# Bon Scott



## Jeff

http://www.youtube.com/watch?v=mWGp4pFrPIc


----------



## Ernest Scribbler

I agree with Chanda, yep, another masterpiece in the making. Jeff, your creative rate at the moment is phenomenal, I must get down and do a new portrait myself.


----------



## corydulos

The appearance of a new Jeff creation is an event!


----------



## Ernest Scribbler

Jeff, how do most of your Portraits go? In the sense of 'do they just flow' off the end of your pencil, or do you have difficult times?

My recent Monroe, Hepburn & Loren portraits seemed to almost breeze along with minimal corrections, but last night I started a portrait of Debbie Harry and as ever started with the eyes. They seemed ok to start with, so I started marking out the hair and lightly filling in her lips, when I took a break and stood back to my horror her right eye seemed too small.

I sat there wringing my hands as the eye was quite darkly applied and I thought any attempt to fix it would ruin the picture. It was as if all the time spent was wasted, but I calmed down and went to work with the 'surgery' and I'm glad to say I think I've fixed it. 

There is hardly any leeway with Portraits, a couple of lines here or there that aren't quite right can throw the whole picture out.

I sometimes think 'right the next pic I'll do will be the Titanic or Space Shuttle' as nobody will notice a couple of missing rivets!

I find Portraiture quite satisfying though, whilst doing the drawing I look up the person's history etc and in the case of Debbie, I have got Blondie's songs playing in the background to spur me on. 

Having spent a few hours on a particular Portrait I seem to appreciate and respect the person even more than I did than when I started, do you have similar thoughts?


----------



## Jeff

Yes to all of the above. 
Their catalog will definitely play in my head when Im drawing a musician- absolutely a motivator, and yes I always feel a little closer to them after I draw them.
Confidence is a big factor! I used to stop and question EVERYTHING. every shape, every shade. 
Here is where this book I read "zen guitar", really helped me. It stated simply that as an artist, it is not my job to be a critic. Its just my job to tune my instrument, and play each note with my whole heart and soul. Art will always be subjective. So Ive learned to block out the critic inside as much as possible and just focus on the smallest shape I can see and try to copy it. Do your thing ES, stay on the path, and the art will literally create itself! Ive just been focused on having fun copying shapes, and suddenly there are 30+ portraits around here.


----------



## Ernest Scribbler

Love your response, particularly the feeling a being a little closer to the person,
I thought that was just me being over emotional I'll take note of being too critical as well, although last night's error was glaring - I should stand back and look at the picture from a distance a bit more from time to time.

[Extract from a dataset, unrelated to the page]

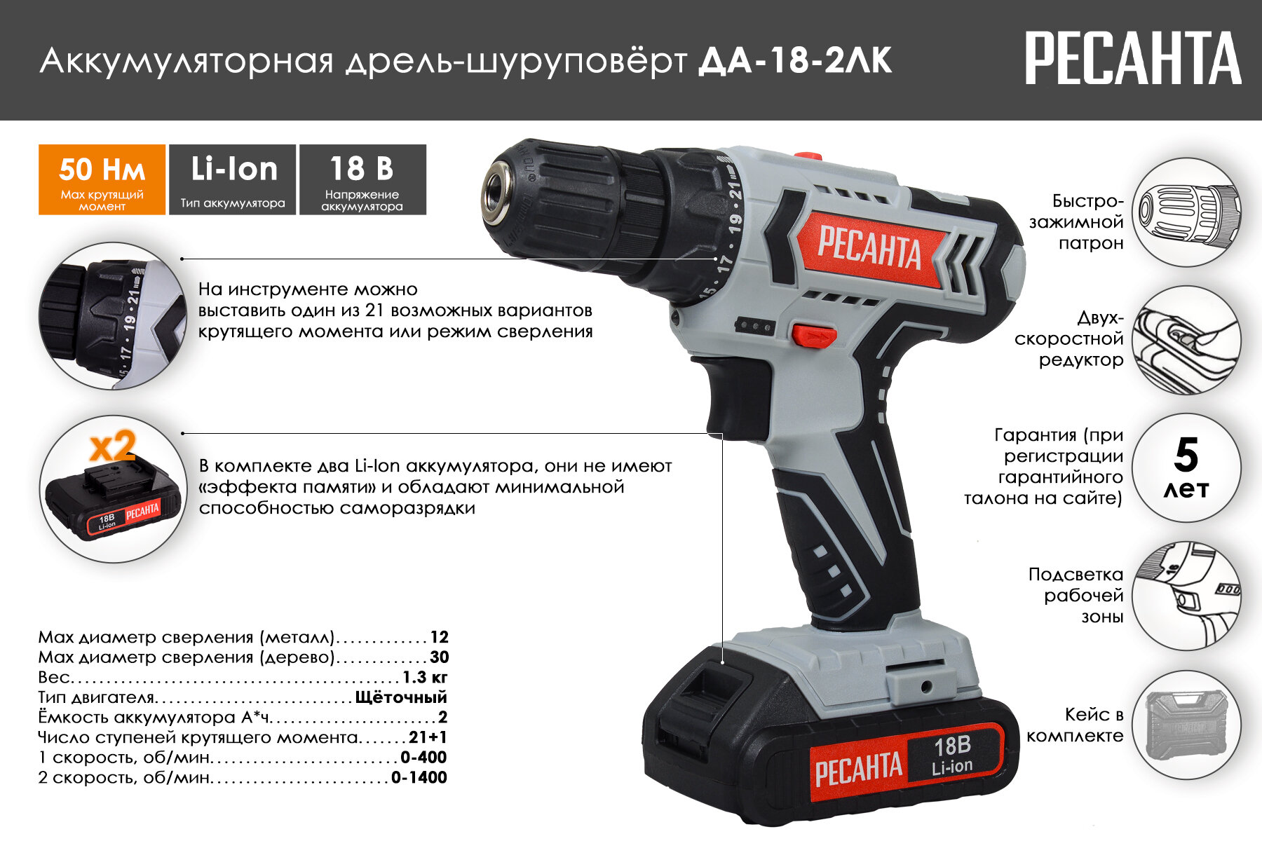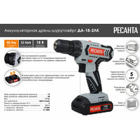 Дрель-шуруповерт аккумуляторная Ресанта ДА-18-2ЛК, 18в, 2 акб, в кейсе: сравнение цен, характеристики, фото, актуальное наличие и цены.

It's funny how on one particular day there's a sheet of paper in a pad - blankly and silently sitting there, patiently waiting..... and now after my previous post to you yesterday (about starting a new Portrait) there is a Debbie Harry image coming to life slowly in front of me ... nothing beats the feeling!


----------



## corydulos

Jeff said:


> ...Here is where this book I read "zen guitar", really helped me. It stated simply that as an artist, it is not my job to be a critic. Its just my job to tune my instrument, and play each note with my whole heart and soul. Art will always be subjective. So Ive learned to block out the critic inside as much as possible ...


Man, that is some good gold stuff right there. A person I befriended once said, "I ain't better than anybody" pause "but ain't nobody better than me!". Don't get me wrong: I'm all for the growth that accompanies humility and vice versa, but there's a difference between having pride and being prideful. One accepts where you're at and establishes a foundation to build upon while the other stands on quicksand more worried about how it is perceived rather than what it's doing.


----------



## Jeff

corydulos said:


> Man, that is some good gold stuff right there. A person I befriended once said, "I ain't better than anybody" pause "but ain't nobody better than me!". Don't get me wrong: I'm all for the growth that accompanies humility and vice versa, but there's a difference between having pride and being prideful. One accepts where you're at and establishes a foundation to build upon while the other stands on quicksand more worried about how it is perceived rather than what it's doing.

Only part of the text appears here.